Heuristic and Neuro Finance L5

Heuristic is mental shortcut to simplify complex judgments or decision. It leads to decision errors due to less than rational decisions. For example: Availability, Ambiguity Aversion, Diversification, Representativeness. Real example shark attack vs deer hit. Heuristic make people overestimate. Heuristic caused by the easiness to remember something then we assume. The frequency of media exposure influences the formation of heuristic. The fact that each analyst also have their own experience that form their own heuristic (Malmendier et al., 2011). Heuristic create different forms of bias such as a familiarity bias, home country bias (Bekaert and Wang, 2009), attention bias “noise trading” (Barber and Odean, 2008). Attention grabbing stocks include abnormal trading volume, extreme one day return, new stories. Retail investor are attention driven while institutional are not. Let’s see Ellsberg Paradox. There is ambiguity aversion that lead to prefer risk of uncertainty. The risk is probability distribution known while uncertainty unknown. Known unknown vs unknown unknown. This ambiguity aversion closely related to diversification heuristic. Conjunction fallacy is the combination of two events is more likely than one on its own. Remember winning lottery and being happy ven diagram.
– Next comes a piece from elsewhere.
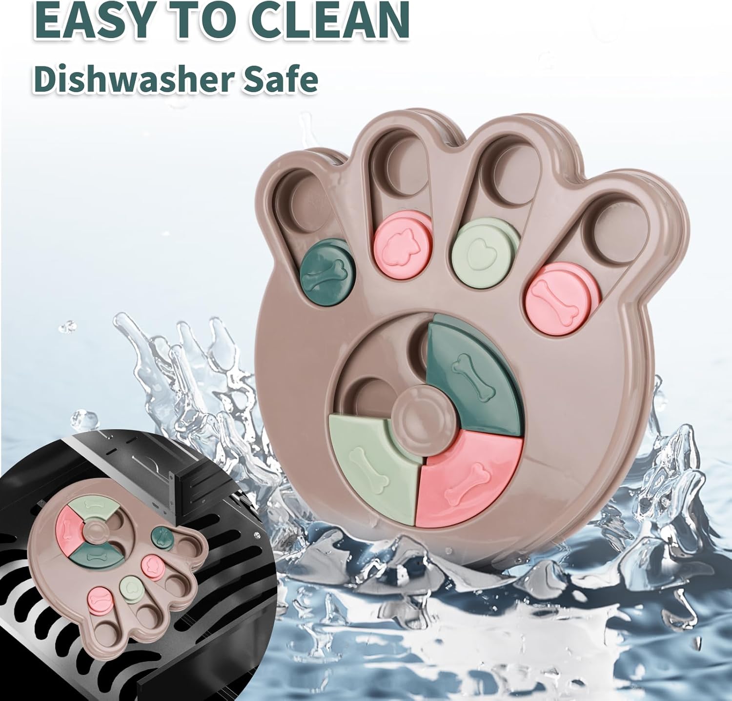 Small/Medium Breed Optimization – Engineered for dogs 8-50lbs (3.6-22.7kg). The 4mm-thick silicone base with 6 suction cups maintains 94% stability on smooth floors . Central 300g weighted core prevents tipping during play, while compact 10″x10″ size fits most pet feeding areas.

This is special form of representativeness heuristic: stereotypes, similarity, Other factor influence judgment. Representativeness example is dotcom and fund style name changes, company name changes (Cooper et al., 2001). Dotcom produce 74% abnormal returns of 10 days surrounding the announcement day, positive reaction. A more recent example is blockchain. Heuristic could lead to stock recommendation bias based on company attractiveness and blindly trusting fund managers also affinity fraud. Biases related to representativeness include insensitivity to sample size, and ignoring base rate frequencies (base rate fallacy, base rate neglect). Gambler fallacy[1], Anchoring and Adjustment, Anchoring in Auction and Finance. Move to heuristic and human brain or neuro finance using brain imaging fMRI, human brain tested using Cognitive Reflection test. Cognitive burden (Shiv and Fedorikhin, 1999), having subject to remember and giving choice to eat. Time discounting results from combined influence of two neural systems: emotional system is impatient and analytic frontal system is patient. Emotional brain responds little to delayed rewards and create taste for instant gratification.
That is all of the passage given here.